Radio Observatory
Designing a real-time observability system that turns raw radio signals into interpretable, decision-ready insights — used 24/7 and connected to an international scientific network.
Context
This project is an end-to-end, long-running system focused on detecting radio signal reflections caused by meteors entering Earth’s atmosphere. The station operates continuously and reports data both locally and to an international scientific network.

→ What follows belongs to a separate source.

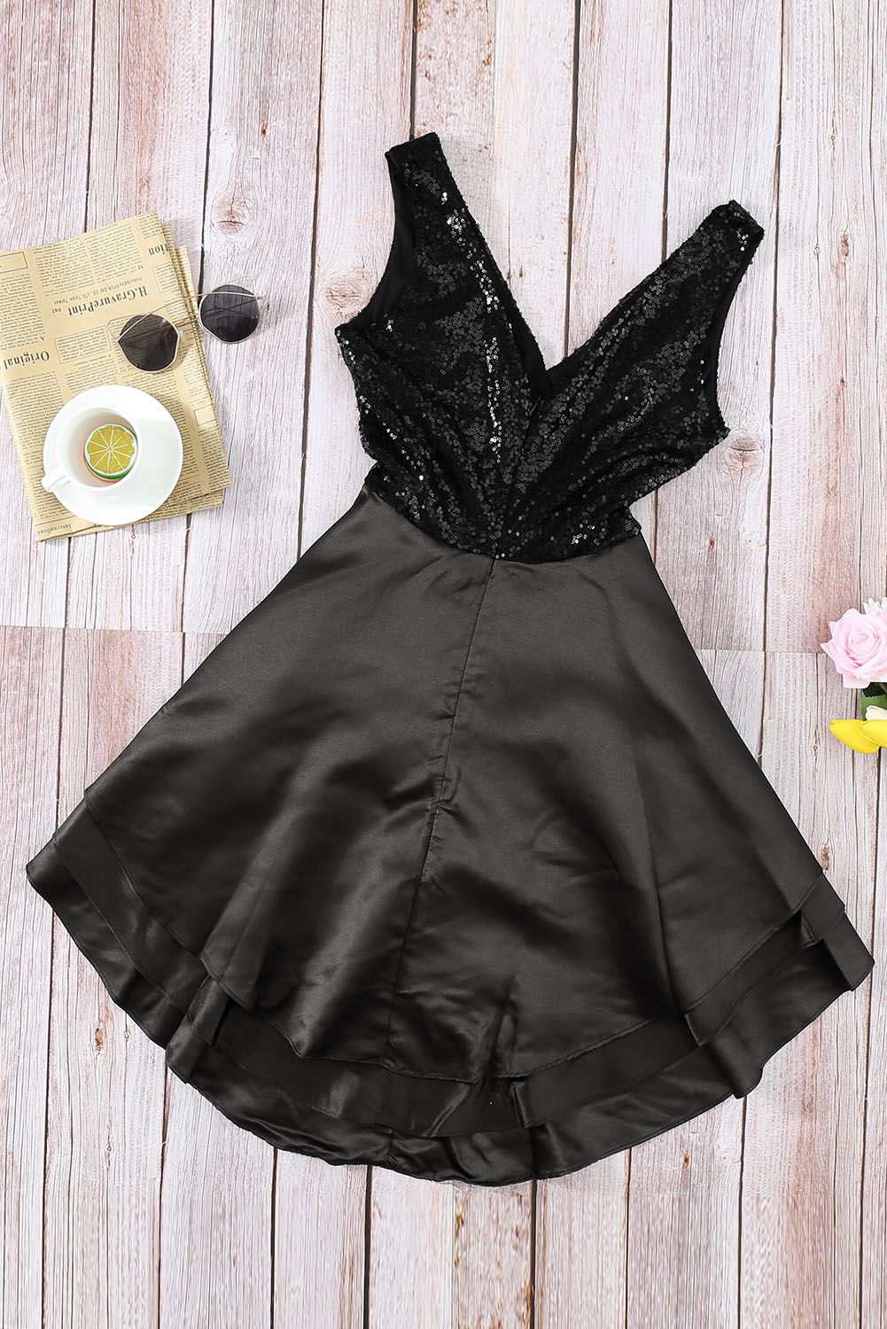 Luxe satin fabric, a V neck sequin top, multi-layer dip hem and a concealed back zip
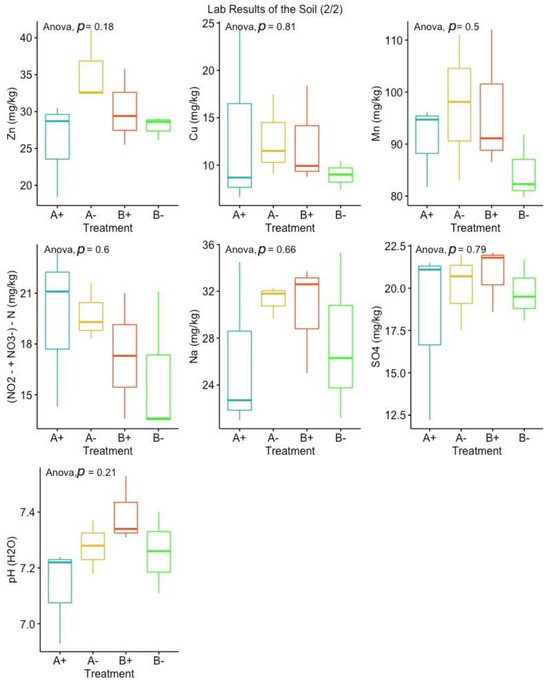 Table 6 presents comprehensive measurements from the different plots, labeled as A− (loosening without microbes), B− (no-tillage without microbes), A+ (loosening with microbes), and B+ (no-tillage with microbes). The presented parameters include Zn (mg/kg), Cu (mg/kg), Mn (mg/kg), (NO2− + NO3−) − N (mg/kg), Na (mg/kg), SO4 (mg/kg), all water-soluble salts (m/m%), and pH (H2O).

My goal was not only to make the system work, but to make its behavior understandable, trustworthy, and diagnosable over time.
The core problem
The central challenge was translating noisy, highly technical signal data into views that are meaningful for both domain experts and non-experts — without oversimplifying or hiding uncertainty.
This meant designing for interpretation, not just presentation.
Constraints & risks
- Highly noisy and unstable input data
- 24/7 operation with no predictable “happy path”
- Risk of false positives and misleading visual patterns
- Need for long-term consistency and comparability of metrics
My role
I owned the system end to end: signal analysis logic, data modeling, metric definitions, dashboard structure, and UX decisions.
The work combined systems thinking, data modeling, UX design, and continuous iteration based on observed system behavior over time.
Key UX decisions
- Designing explicit system health indicators instead of hiding anomalies
- Separating raw measurements from derived, interpretive metrics
- Making uncertainty visible rather than smoothing it away
- Supporting both quick status checks and deep analytical exploration
Custom signal quality model
One of the key elements is an original signal quality model that combines signal-to-noise ratio, frequency drift, and event duration into a single interpretable visualization.
The goal was to distinguish meaningful meteor events from background noise without relying on rigid binary thresholds.
Outcomes
- Stable 24/7 operation with transparent system health monitoring
- Hourly data reporting to an international scientific network
- A system usable both for expert analysis and exploratory learning
Live system
The system is publicly available and continuously updated.
What I learned
Designing data-heavy systems is less about visual polish and more about responsibility: making trade-offs explicit, respecting uncertainty, and supporting informed decisions over time.